When “Where” Becomes Uncertain
In 2025, maritime operators faced an unprecedented rise in GNSS jamming and spoofing. What was once an occasional nuisance transformed into a persistent, global challenge. Thousands of vessels reported false positions, AIS jumps, and navigation anomalies. These disruptions directly affected trade, enforcement, and safety.
This is no longer a technical problem; it’s an operational one. When satellite data can’t be trusted, crews lose confidence in their instruments. Situational awareness collapses. Decision-making slows down at the exact moment it needs to accelerate.
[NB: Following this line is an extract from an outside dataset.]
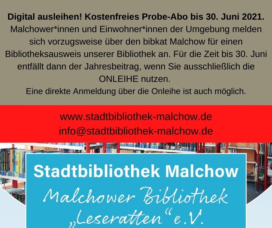 Wer in Malchow oder der Umgebung wohnt, wird gebeten, sich vorzugsweise über den bibkat Malchow für einen Bibliotheksausweis der Stadtbibliothek anzumelden. Die Mitarbeiter teilen dann die Zugangsdaten mit. Für die Zeit bis 30. Juni entfällt der Jahresbeitrag, wenn ausschließlich die ONLEIHE genutzt wird.
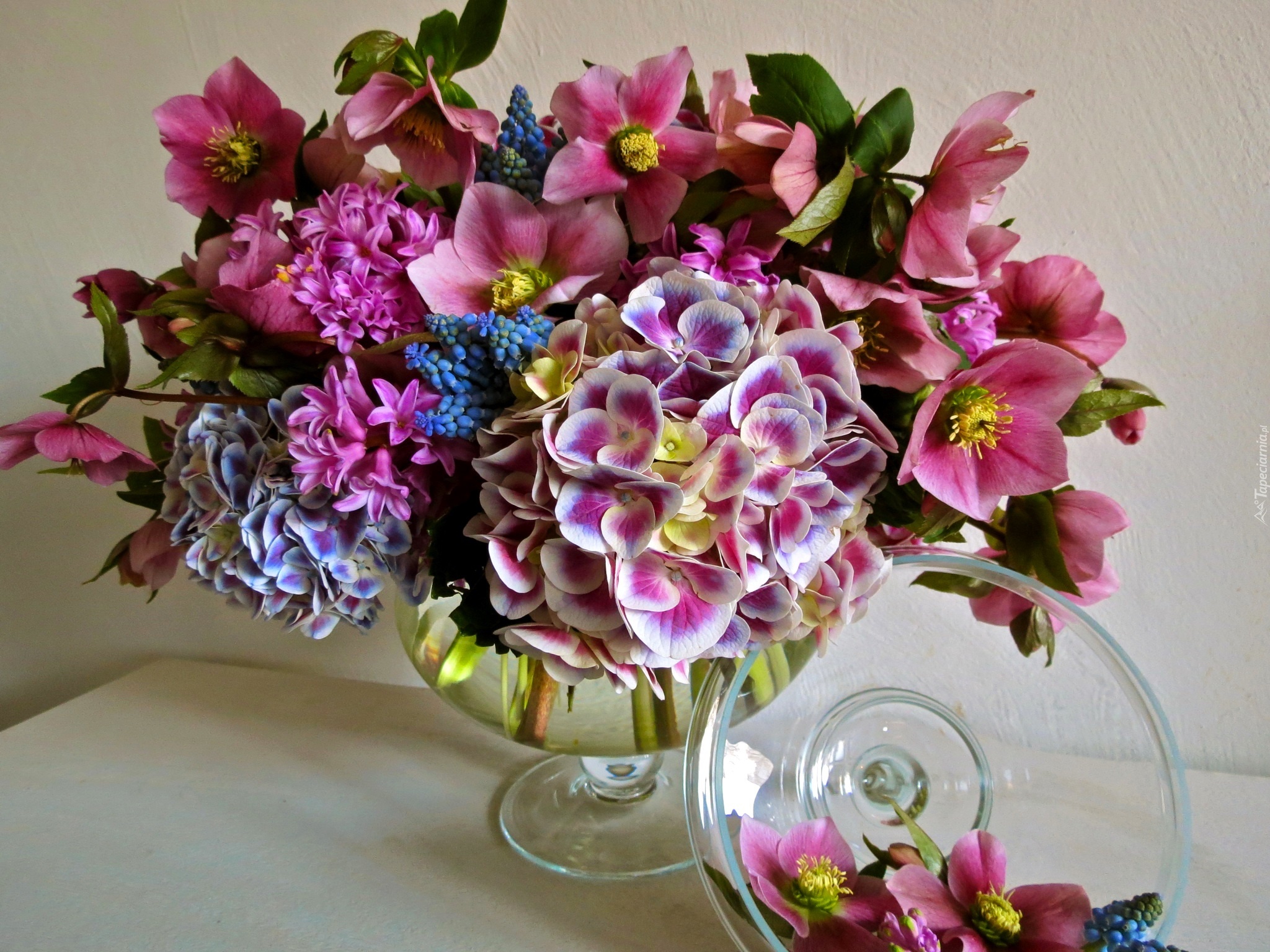 Edytor tapety: Ciemiernik, Hiacynty, Hortensja, Bukiet, Wazon

At SEA.AI, we believe the solution begins with restoring trust in what can be seen. Our AI-powered vision systems reinforce safety. They give crews independent visual awareness that works even when GPS cannot be trusted.
From Positioning to Perception
Traditional navigation depends on electronic systems. Range, reflections, or interference can limit these systems. AI-powered vision shifts the focus from where a vessel appears to be to what actually surrounds it.
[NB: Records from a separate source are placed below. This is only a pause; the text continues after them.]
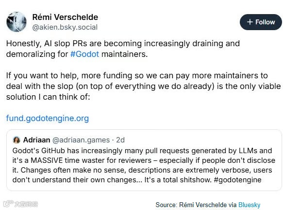 另外就是Godot的开源特性以及低上手门槛,在如今的AI时代可能会出现一些问题,比如前段时间Godot引擎首席维护者Rémi Verschelde就吐槽,GitHub上有太多利用AI生成的“垃圾代码”,对开源社区的审核工作造成了困扰。
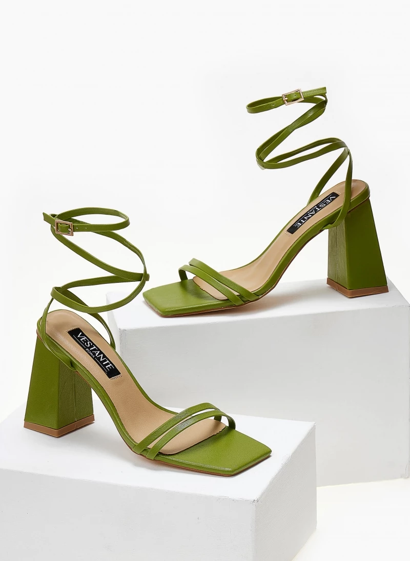The Fashion Project Πέδιλα καρέ με λεπτά λουράκια – Πράσινο
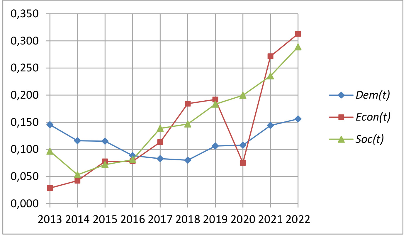 Рисунок 1. Динамика значений укрупненных показателей Dem(t), Econ(t) и Soc(t) системы урбанизации региона ХМАО-Югра в период с 2013 по 2022 г.
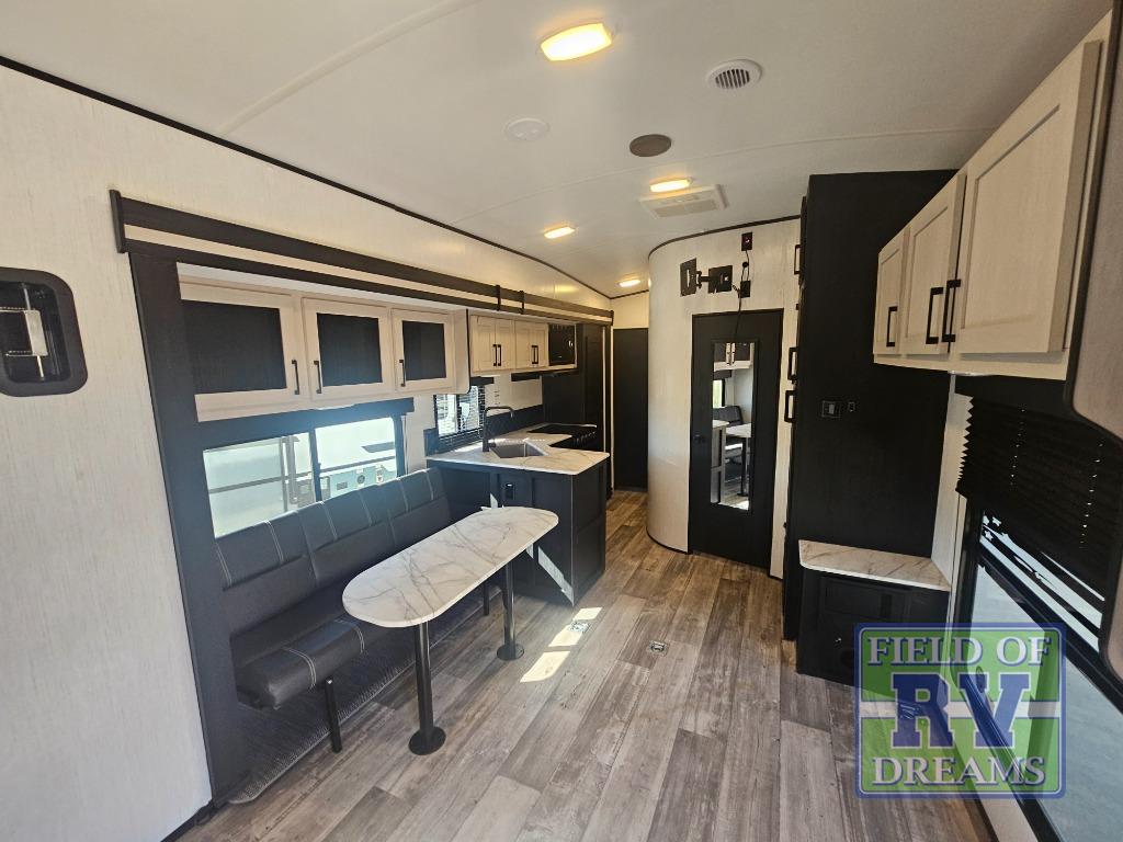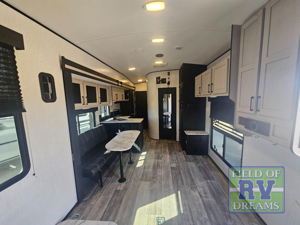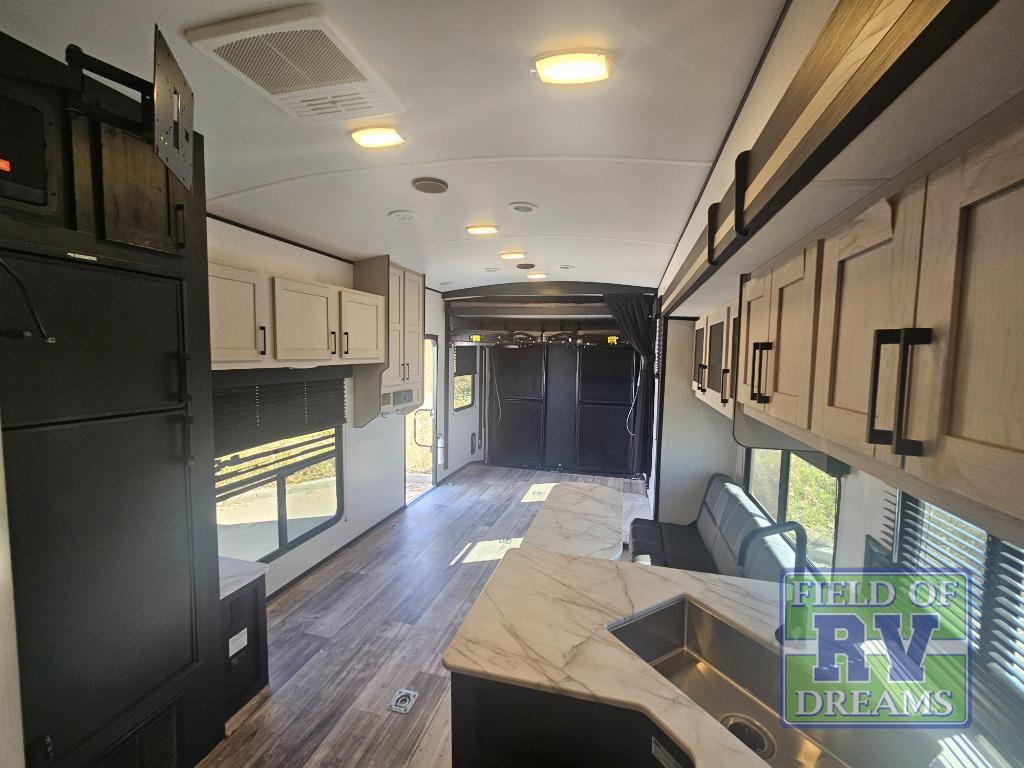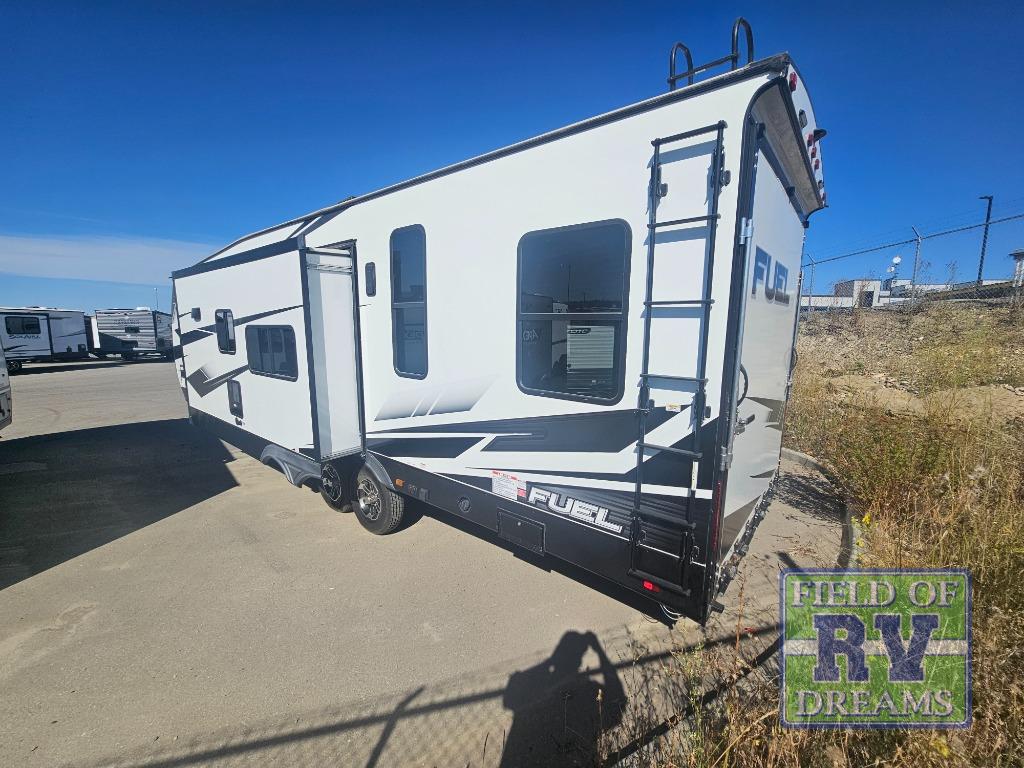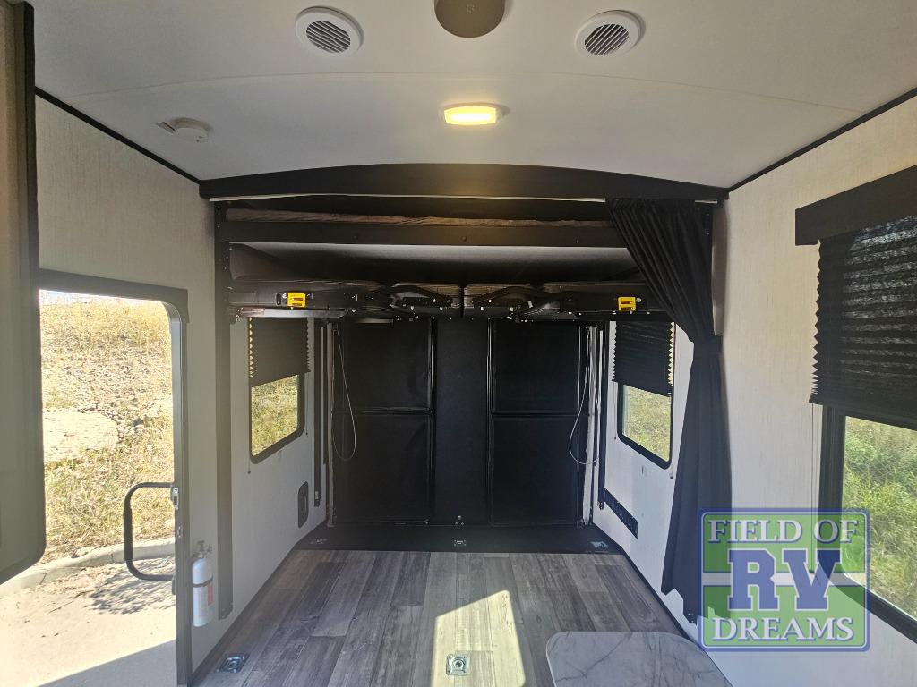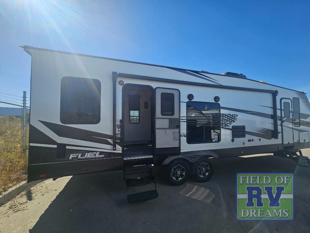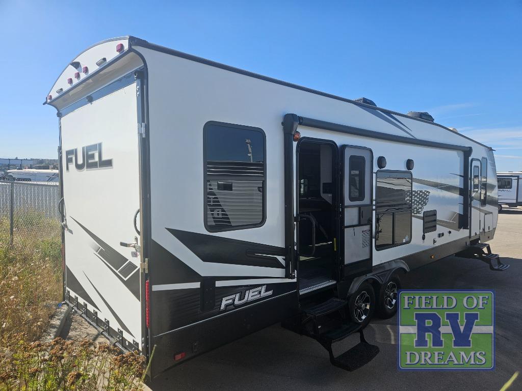 This 35' 11" Fuel toy hauler has lots of space and lots of convenience, so you'll never be at a loss when you're out having fun! You can enter and exit this unit easily because of the two entry doors, and one of those doors leads directly into the front master suite. Since the bedroom has a private entrance into the dual-entry bathroom, you'll also be right next to the bathroom when you use the second exterior entrance. The sofa has a table in front of it so that you can sit down with a hot meal after all of that outdoor fun, and you also have two lounge chairs that you can sit in instead. The power queen bunk sits above the opposing sofas with dinette, so you will have a second location to eat your meals.

Our technology combines RGB and thermal cameras with deep-learning algorithms. It continuously scans the sea surface, identifies floating objects, and tracks potential hazards. It works even in low light or reduced visibility.
Whether it’s a drifting container, an unlit vessel, or a person overboard, our systems detect what radar or GNSS-based sensors can’t. They turn pixels into perception. They turn uncertainty into awareness.
When GNSS jamming clouds the data, this visual intelligence remains steady. It’s an extra set of vigilant eyes, always watching, always learning.
The Growing Need for Independent Awareness
GNSS interference introduces systemic risk to maritime operations, from route planning to port entry. Many onboard navigation and collision-avoidance systems rely heavily on GNSS data. They use it to calculate position, speed, and course. These functions fail or degrade significantly when the signal is disrupted. False signals can trigger compliance alerts, delay enforcement actions, or mislead captains navigating busy waterways.
Some systems simply cannot operate without GNSS. This puts entire voyages at risk when interference occurs. Without a trustworthy signal, the vessel may lose its calculated position. This triggers equipment malfunctions or inaccurate hazard detection.
Recent analyses across the maritime industry show that GNSS jamming has spread across dozens of regions. It often overlaps with deceptive shipping practices. This evolution reinforces what we’ve known for years: true resilience means independence from signal-based systems.
When Interference Isn’t Accidental
One of the most common questions from crews and operators is: “Who would want to interfere with my GPS signal?”
The answer is: anyone with bad intentions.
From smuggling networks and illegal fishing vessels to cybercriminals and geopolitical actors, the ability to disrupt or fake location data has strategic value. By jamming or spoofing GNSS signals, malicious actors can create confusion, hide vessel activity, or even lure other ships into hazardous conditions.
That’s why having an independent, visual-based awareness system like Watchkeeper is no longer just a nice-to-have—it’s a critical tool for staying alert in high-risk regions.
Artificial vision systems don’t rely on external signals. They process what’s visually in front of the vessel, helping prevent dangerous situations and allowing crews to respond to what’s really there—not what a screen says should be there.
AI Vision as a Force Multiplier
Machine vision doesn’t replace navigation systems—it strengthens them. By correlating what is seen with what is reported, our technology acts as an independent validation layer.
When GNSS data suddenly shifts a vessel’s position inland or across continents, our system still sees the sea ahead. When radar misses small or non-metallic targets, our cameras identify and classify them in real time.
This is multi-sensor reliability in action: combining vision, intelligence, and connectivity to maintain confidence, even in deception-rich environments.
From Detection to Decision
In the future, awareness alone won’t be enough. The maritime sector will need systems that don’t just detect anomalies—but understand them.
That is why we are focusing on advancing sensor fusion. By combining data from radar, AIS, and SEA.AI’s visual detection systems, we can provide a clearer and more reliable picture of the surroundings. When these sources work together, crews gain stronger situational awareness that helps prevent collisions, avoid close-quarter risks, and make better decisions in challenging conditions. It is not just about adding more sensors but about unifying their insights so navigation becomes safer, calmer, and more informed.
As GNSS spoofing, electronic interference, and data manipulation continue to rise, we see AI vision as a cornerstone of maritime resilience—a system that doesn’t just follow the signal but verifies it.
The Way Forward
2025 has shown that GNSS jamming is no longer a side issue, but a mainstream operational threat. But it has also revealed an opportunity: to redefine what awareness means at sea.
Our mission has always been clear: help save lives at sea through artificial intelligence. That means giving every captain, fleet manager, and operator the confidence to act, even when the data around them can’t be trusted.
In a world where signals can be faked, seeing clearly is no longer optional, it’s essential.